Aber eines blieb im Leben der Friederike Brion immer aus: Die Ehe. Keinen Mann konnte sie mehr ihr Herz schenken, egal, wer um sie warb. So beschrieb Jakob Michael Reinhold Lenz:
„Denn immer, immer, immer doch schwebt ihr das Bild an Wänden noch, von einem Menschen, welcher kam und ihr als Kind das Herze nahm. Fast ausgelöscht ist das Gesicht, doch seiner Worte Kraft noch nicht.“
Vielmehr verschrieb sie sich der Hilfe ihrer Nächsten. 1801 übersiedelte Frederike in das Pfarrhaus ihres Schwagers nach Diersburg, wo sie ihre kränkelnde Schwester Maria Salome pflegte. 1805 zogen sie dann alle gemeinsam nach Meißenheim. In den acht Jahren, die Frederike in Meißenheim verbrachte übte sie eine segensreiche Tätigkeit aus. Sie widmete ihre ganze Kraft den Armem und Kranken in der Gemeinde und stellte sich in den Dienst der Allgemeinheit. Des Nachts backte sie heimlich Kuchen Von der Dorfgemeinschaft erhielt sie den Kosenamen „Die gute Tante!“
Aber auch an Goethe ging der Bruch mit Friederike nicht ungeachtet vorbei. Lange quälten ihn Schuldgefühle. Literaturwissenschaftler wollen in Goethes „Faust“ in „Gretchen“ Friederike Brion wiedersehen.
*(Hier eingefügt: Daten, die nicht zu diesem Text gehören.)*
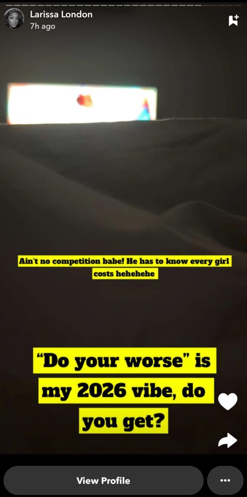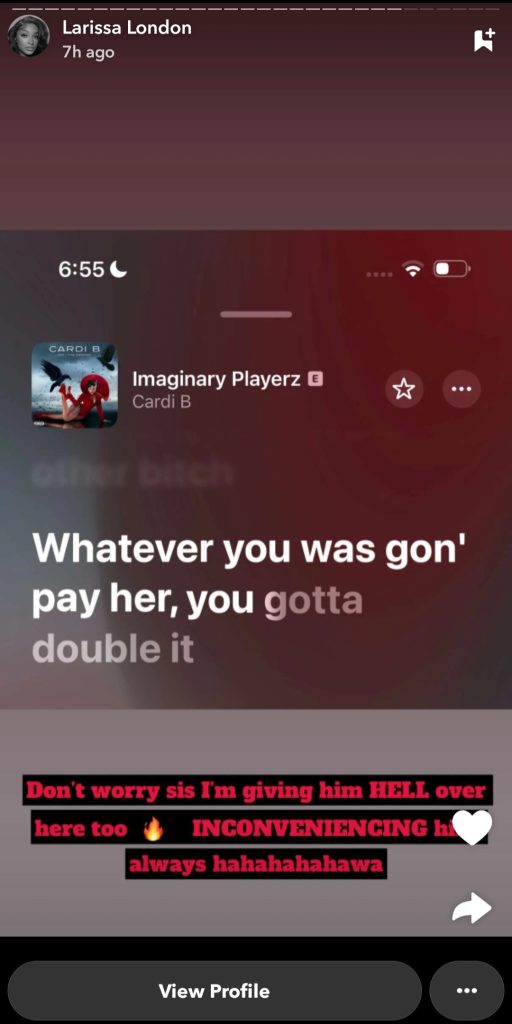 Larissa London, whose real name is Larissa Yasmin Lorenco, shared a line from Cardi B’s song that goes “Whatever you was gon’ pay her, you gotta double it.”

In dem einem Jahr, dass Friederike und Goethe gegönnt war, entstanden unter anderem die Sessenheimer Lieder und das Heideröslein. Mit den Sessenheimer Liedern wurde in der deutschen Lyrik eine neue Epoche eingeleitet, was letztlich Frederike Brion unsterblich machte. Goethe gewann durch die Sessenheimer Lieder die Fähigkeit, das tiefste künstlerische in der deutschen Sprache auszudrücken. Durch Friederike Brion wurden Johann Wolfgang von Goethe dichterische Impulse gegeben.
Auch heute noch hat das Thema das Friederike Brion vor weit über 200 Jahren beschäftigte – Liebesglück und Enttäuschung – nicht an Aktualität verloren.
Um dem Leben und Schaffen der Friederike Brion Anerkennung zu zollen, wurden am Grabe der „großen Tante“ Kränze niedergelegt. Grüße wurden vom Präsidenten der Goethe- Gesellschaft in Weimer, Herr Dr. Jochen Golz, sowie Herrn Prof. Raymond Matzen in Abwesenheit übermittelt. Peter Weiß legte im Namen der Goethe-Gesellschaft einen Kranz nieder, ebenso wie Gemeinderat Marcel Mochel und Philipp Klein aus Sessenheim und Meißenheims Bürgermeister Alexander Schröder. Das Umfeld der Gedenkstätte war vom Bauhof Meißenheim nach Ideen von Frank Wagner umgestaltet und neu angelegt worden.